**TRY IT:**
Only the lines from the one containing "These bold statement" through the last line below belong in your copy; transcribe them exactly and omit any pictures.

(Excerpts from a dataset)
-----
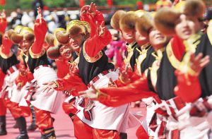 锅庄舞、弦子舞、热巴舞等是流行于藏族聚居区的民间舞蹈类型。图为西藏群众在跳传统舞蹈。新华社记者 晋美多吉摄
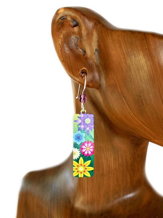 These bold statement earrings feature a long column enameled with a vibrant image of bursting flower blossoms in a variety of colors against a field of green.
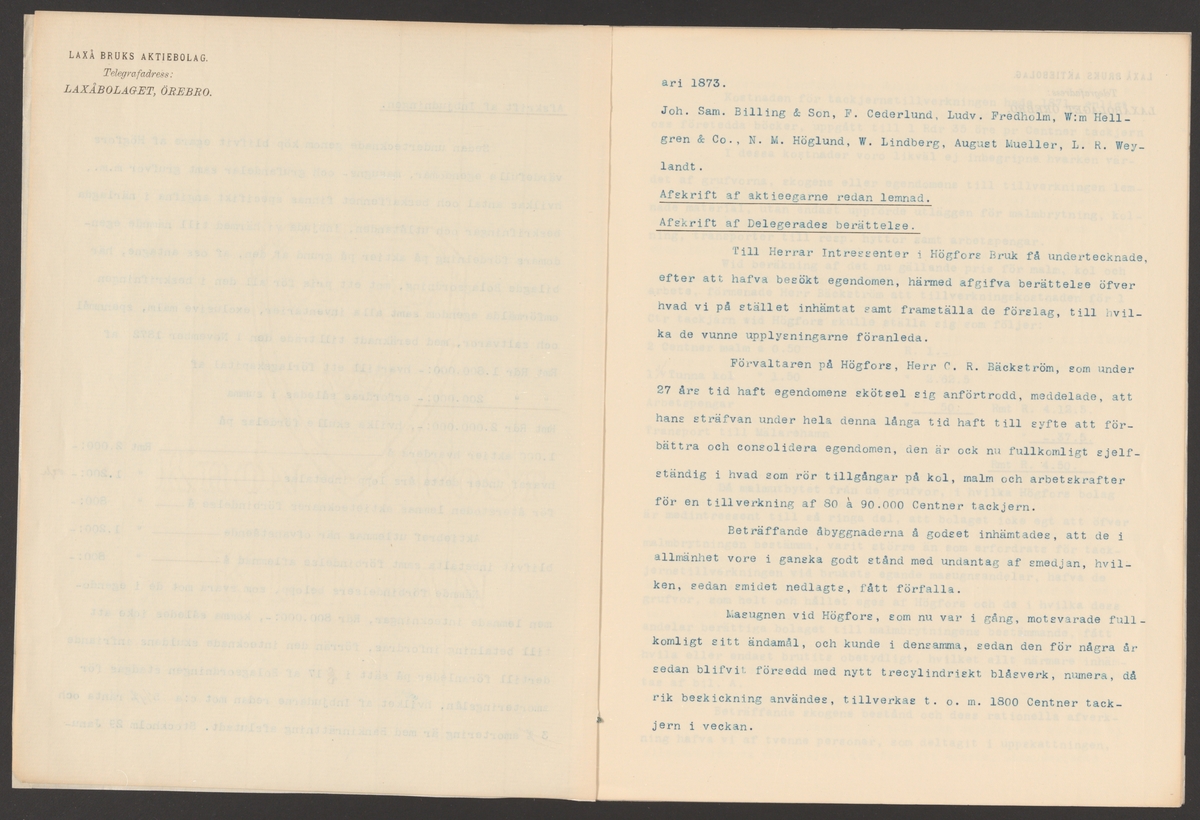 Högfors bruks kronologi.
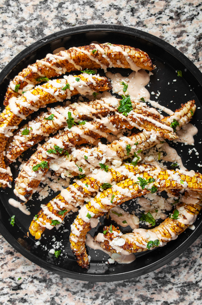Cook the corn in the air fryer or the oven at 400° Fahrenheit for 10 minutes.
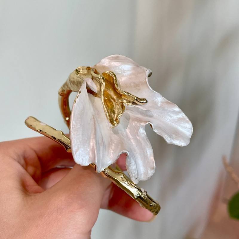 Pulseras de Moda con Diseño de Flor de Concha Blanca, Chapadas en Oro, de Aleación de Zinc, Regalo Romántico para Mujer 2026
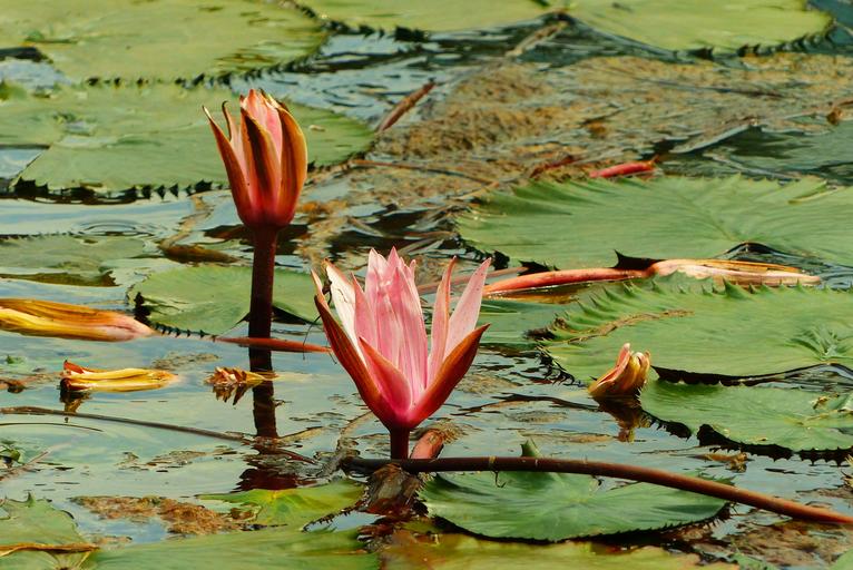 Keywords: heviz hungary thermal spring spa water lilies purple aquatic plant blossom bloom nuphar lutea water teichplanze green close
-----
**EXERCISE RESPONSE:**
 These bold statement earrings feature a long column enameled with a vibrant image of bursting flower blossoms in a variety of colors against a field of green.
 Högfors bruks kronologi.
Cook the corn in the air fryer or the oven at 400° Fahrenheit for 10 minutes.
 Pulseras de Moda con Diseño de Flor de Concha Blanca, Chapadas en Oro, de Aleación de Zinc, Regalo Romántico para Mujer 2026
 Keywords: heviz hungary thermal spring spa water lilies purple aquatic plant blossom bloom nuphar lutea water teichplanze green close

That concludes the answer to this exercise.